U.S. CMS Software and Computing Project

Version 1.0, May 22, 2001

Paul Avery

May 22, 2001

TGier 2 Centers and Grid Computing for CMS and U.S. -CMSData Grids: A New Computational Infrastructure
for Data Intensive Science

1Introduction

Twenty-first century scientific and engineering enterprises are increasingly characterized by their geographic dispersion and their reliance on large data archives. These characteristics bring with them unique challenges. First, the increasing size and complexity of modern data collections require significant investments in information technologies to store, retrieve and analyze them. Second, the increased distribution of people and resources in these projects has made resource sharing and collaboration across significant geographic and organizational boundaries critical to their success.

Infrastructures known as “Grids”[1] are being developed to address the problem of resource sharing. An excellent introduction to Grids can be found in the article[2], “The Anatomy of the Grid”, which provides the following interesting description:

“The real and specific problem that underlies the Grid concept is coordinated resource sharing and problem solving in dynamic, multi-institutional virtual organizations. The sharing that we are concerned with is not primarily file exchange but rather direct access to computers, software, data, and other resources, as is required by a range of collaborative problem-solving and resource-brokering strategies emerging in industry, science, and engineering. This sharing is, necessarily, highly controlled, with resource providers and consumers defining clearly and carefully just what is shared, who is allowed to share, and the conditions under which sharing occurs. A set of individuals and/or institutions defined by such sharing rules form what we call a virtual organization (VO).”

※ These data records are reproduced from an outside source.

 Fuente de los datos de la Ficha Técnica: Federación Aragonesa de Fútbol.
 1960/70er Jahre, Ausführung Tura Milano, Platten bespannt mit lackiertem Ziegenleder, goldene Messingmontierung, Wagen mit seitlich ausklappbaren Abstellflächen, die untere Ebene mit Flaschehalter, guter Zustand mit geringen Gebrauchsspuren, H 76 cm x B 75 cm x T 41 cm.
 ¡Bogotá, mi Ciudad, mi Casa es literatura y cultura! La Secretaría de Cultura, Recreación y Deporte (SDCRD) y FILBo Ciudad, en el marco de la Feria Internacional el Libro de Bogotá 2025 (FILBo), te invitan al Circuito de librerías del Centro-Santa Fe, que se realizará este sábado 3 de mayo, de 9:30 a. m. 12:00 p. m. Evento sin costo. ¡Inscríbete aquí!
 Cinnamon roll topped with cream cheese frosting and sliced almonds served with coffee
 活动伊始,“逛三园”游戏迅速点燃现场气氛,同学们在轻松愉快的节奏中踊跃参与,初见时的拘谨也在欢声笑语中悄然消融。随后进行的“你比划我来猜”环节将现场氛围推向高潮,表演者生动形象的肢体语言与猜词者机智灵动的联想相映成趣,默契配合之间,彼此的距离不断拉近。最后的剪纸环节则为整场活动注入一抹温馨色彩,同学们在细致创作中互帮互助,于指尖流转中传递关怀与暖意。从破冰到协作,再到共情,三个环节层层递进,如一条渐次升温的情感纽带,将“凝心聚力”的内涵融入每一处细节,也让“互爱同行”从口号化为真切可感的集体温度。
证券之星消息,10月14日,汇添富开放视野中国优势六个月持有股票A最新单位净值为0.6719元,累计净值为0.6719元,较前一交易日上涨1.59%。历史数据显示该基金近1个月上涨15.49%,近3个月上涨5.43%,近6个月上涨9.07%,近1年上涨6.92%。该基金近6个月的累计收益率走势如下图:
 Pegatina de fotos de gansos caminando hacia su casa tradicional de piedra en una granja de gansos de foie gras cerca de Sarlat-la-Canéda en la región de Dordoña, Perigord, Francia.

The existence of very large distributed data collections adds a significant new dimension to enterprise-wide resource sharing, and has led to substantial research and development effort on “Data Grid” infrastructures, capable of supporting this more complex collaborative environment. This work has taken on more urgency for new scientific collaborations, which in some cases will reach global proportions and share data archives with sizes measured in dozens or even hundreds of Petabytes within a decade. These collaborations have recognized the strategic importance of Data Grids for realizing the scientific potential of their experiments, and have begun working with computer scientists, members of other scientific and engineering fields and industry to research and develop this new technology and create production-scale computational environments. Figure 1 below shows a U.S. based Data Grid consisting of a number of heterogeneous resources.

My aim in this paper is to review how Data Grids can benefit data intensive sciences. Developments in industry are not included here, but since most Data Grid work is presently carried out to address the urgent data needs of advanced scientific experiments, the omission is not a serious one. (The problems solved while dealing with these experiments will in any case be of enormous benefit to industry in a short time.) Furthermore, I will concentrate on those projects which are developing Data Grid infrastructures for a variety of disciplines, rather than “vertically integrated” projects that benefit a single experiment or discipline, and explain the specific challenges faced by those disciplines.

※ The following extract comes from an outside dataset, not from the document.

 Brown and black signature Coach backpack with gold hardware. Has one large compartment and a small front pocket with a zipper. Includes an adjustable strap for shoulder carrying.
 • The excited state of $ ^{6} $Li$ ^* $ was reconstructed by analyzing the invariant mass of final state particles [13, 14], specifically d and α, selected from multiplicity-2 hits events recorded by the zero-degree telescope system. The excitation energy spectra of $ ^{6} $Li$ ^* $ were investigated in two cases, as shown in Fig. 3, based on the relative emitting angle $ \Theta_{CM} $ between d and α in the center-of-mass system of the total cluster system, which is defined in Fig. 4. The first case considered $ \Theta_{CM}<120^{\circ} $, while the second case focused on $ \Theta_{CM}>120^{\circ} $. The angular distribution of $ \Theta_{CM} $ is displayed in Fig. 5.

2Data intensive activities

The number and diversity of data intensive projects is expanding rapidly. The following recounting of projects is presented as an survey that, while incomplete, shows the scope of and immense interest in data intensive methods in solving scientific problems.

Physics and space sciences: High energy and nuclear physics experiments at accelerator laboratories at Fermilab, Brookhaven and SLAC already generate dozens to hundreds of Terabytes of colliding beam data per year that is distributed to and analyzed by hundreds of physicists around the world to search for subtle new interactions. These rates will increase to Petabytes per year in experiments planned for the Large Hadron Collider at CERN. Gravitational wave searches at LIGO, VIRGO and GEO will accumulate yearly samples of approximately 100 Terabytes of mostly environmental and calibration data that must be correlated and filtered to search for rare gravitational events. New multi-wavelength all-sky surveys utilizing telescopes instrumented with gigapixel CCD arrays will soon drive yearly data collection rates from Terabytes to Petabytes. Similarly, remote-sensing satellites operating at multiple wavelengths will generate several Petabytes of spatial-temporal data that can be studied by researchers to accurately measure changes in our planet’s support systems.

Biology and medicine: Biology and medicine are rapidly increasing their dependence on data intensive methods. Experiments at new generation light sources have the potential to generate massive amounts of data while recording the changes in shape of individual protein molecules. Organism genomes are being sequenced and stored by new generations of sequencing engines in databases and their properties are compared using new statistical methods requiring massive computational power. Proteomics, the study of protein structure and function, is expected to generate enormous amounts of data, easily dwarfing the data samples obtained from genome studies. In medicine, a single three dimensional brain scan can generate a significant fraction of a Terabyte of data, while systematic adoption of digitized radiology scans will produce dozens of Petabytes of data that can be quickly accessed and searched for breast cancer and other diseases. Exploratory studies have shown the value of converting patient records to electronic form and attaching digital CAT scans, X-Ray charts and other instrument data, but systematic use of such methods would generate databases many Petabytes in size. Medical data pose additional ethical and technical challenges stemming from exacting security restrictions on access to this data and patient identification.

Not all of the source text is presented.